I have some rough intuitions about the purpose of MIRI's agent foundations agenda, and I'd like to share them here. (Note: I have not discussed these with MIRI, and these should not be taken to be representative of MIRI's views.)
I think there's a common misconception that the goal of agent foundations is to try building an AGI architected with a decision theory module, a logical induction module, etc. In my mind, this is completely not the point, and my intuitions say that approach is doomed to fail.
I interpret agent foundations as being more about providing formal specifications of metaphilosophical competence, to:
I want to explore logical induction as a case study. I think the important part about logical induction is the logical induction criterion, not the algorithm implementing it. I've heard the implementation criticized for being computationally intractable, but I see its primary purpose as showing the logical induction criterion to be satisfiable at all. This elevates the logical induction criterion over all the other loose collections of desiderata that may or may not be satisfiable, and may or may not capture what we mean by logical uncertainty. If we were to build an actual aligned AGI, I would expect its reasoning process to satisfy the logical induction criterion, but not look very much like the algorithm presented in the logical induction paper.
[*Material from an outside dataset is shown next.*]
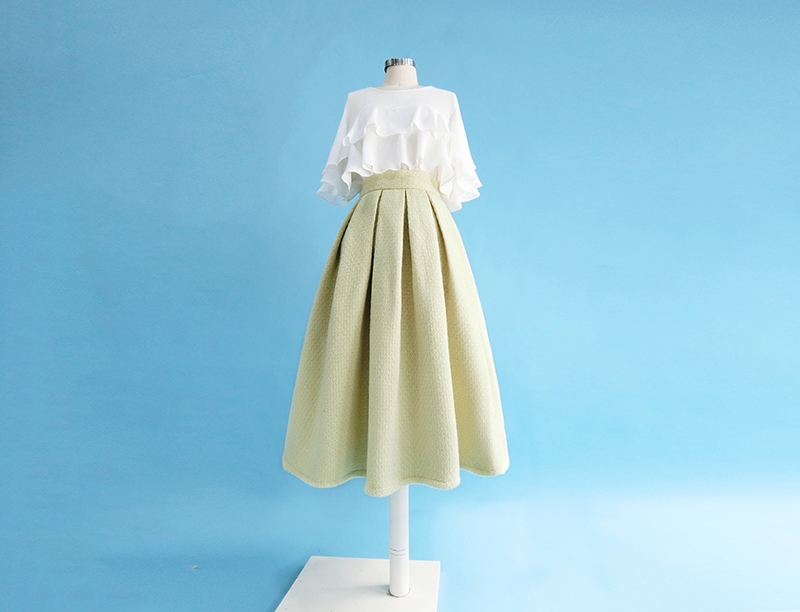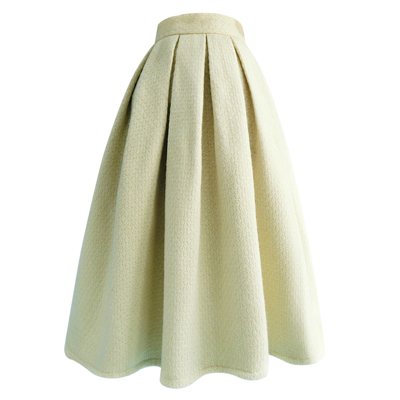 * This tea length pleated skirt is made of wool cotton with romantic element.

I also think the logical induction criterion provides an exact formalization—a necessary AND sufficient condition—of what it means to not get stuck in any epistemic pits in the limit. (The gist of this intuition: epistemic pits you're stuck in forever correspond exactly to patterns in the market that a trader could exploit forever, and make unbounded profits from.) This lets us formalize the question "Does X reasoning process avoid permanently falling into epistemic pits?" into "Does X reasoning process satisfy the logical induction criterion?"